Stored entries
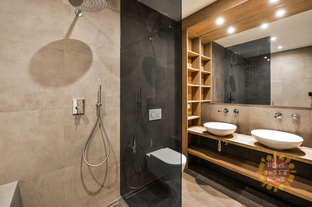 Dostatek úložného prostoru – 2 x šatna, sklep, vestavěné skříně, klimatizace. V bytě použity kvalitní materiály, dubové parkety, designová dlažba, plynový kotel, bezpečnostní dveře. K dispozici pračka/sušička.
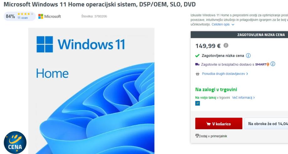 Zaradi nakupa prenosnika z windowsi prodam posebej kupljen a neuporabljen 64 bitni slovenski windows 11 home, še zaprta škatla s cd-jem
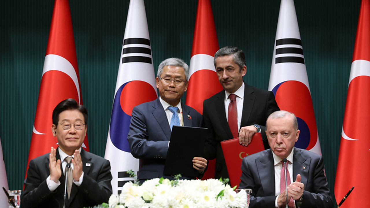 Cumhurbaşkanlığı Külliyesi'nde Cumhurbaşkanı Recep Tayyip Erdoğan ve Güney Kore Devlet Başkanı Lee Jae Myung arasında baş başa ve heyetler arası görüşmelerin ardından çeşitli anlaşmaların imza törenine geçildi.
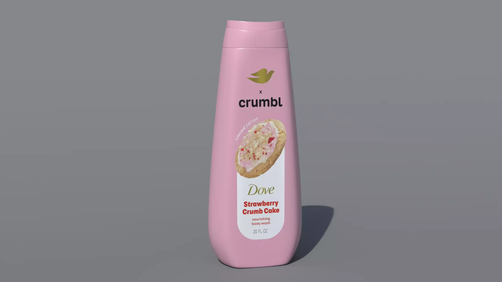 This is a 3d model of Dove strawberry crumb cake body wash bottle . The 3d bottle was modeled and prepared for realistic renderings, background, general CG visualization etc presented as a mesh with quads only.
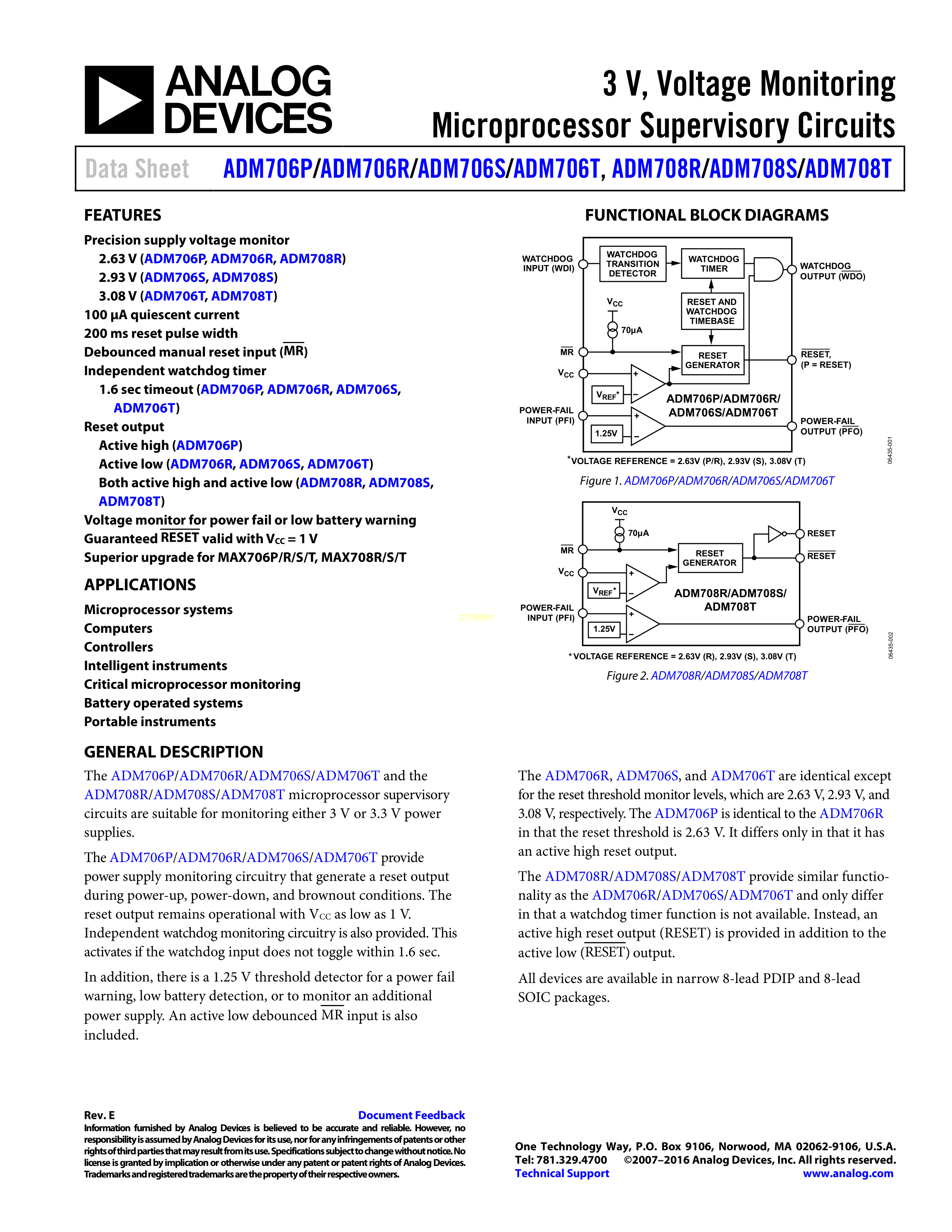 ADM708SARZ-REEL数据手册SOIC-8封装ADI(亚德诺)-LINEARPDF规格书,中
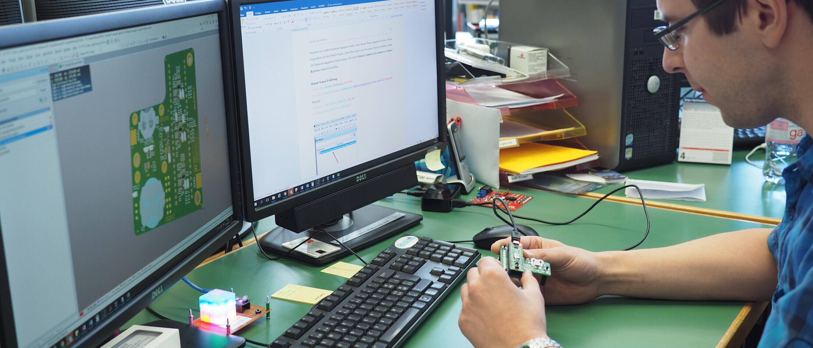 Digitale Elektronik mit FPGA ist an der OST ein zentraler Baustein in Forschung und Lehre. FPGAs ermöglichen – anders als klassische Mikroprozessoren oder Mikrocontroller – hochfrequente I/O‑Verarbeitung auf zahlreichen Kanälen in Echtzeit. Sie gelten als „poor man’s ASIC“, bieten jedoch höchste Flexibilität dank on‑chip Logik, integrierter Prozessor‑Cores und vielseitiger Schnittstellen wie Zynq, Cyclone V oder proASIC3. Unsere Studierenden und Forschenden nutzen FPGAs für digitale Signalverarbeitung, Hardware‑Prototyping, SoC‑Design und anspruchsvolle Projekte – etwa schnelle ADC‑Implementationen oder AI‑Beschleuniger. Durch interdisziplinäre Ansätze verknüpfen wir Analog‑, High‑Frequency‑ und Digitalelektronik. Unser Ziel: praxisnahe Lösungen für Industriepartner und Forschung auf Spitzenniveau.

Task instructions.
Would you give again, exactly, the lines in the data above that run from the line containing "This is a 3d" to the line containing "ADM708SARZ-REE"? Include both ends and no pictures.

Result.
 This is a 3d model of Dove strawberry crumb cake body wash bottle . The 3d bottle was modeled and prepared for realistic renderings, background, general CG visualization etc presented as a mesh with quads only.
 ADM708SARZ-REEL数据手册SOIC-8封装ADI(亚德诺)-LINEARPDF规格书,中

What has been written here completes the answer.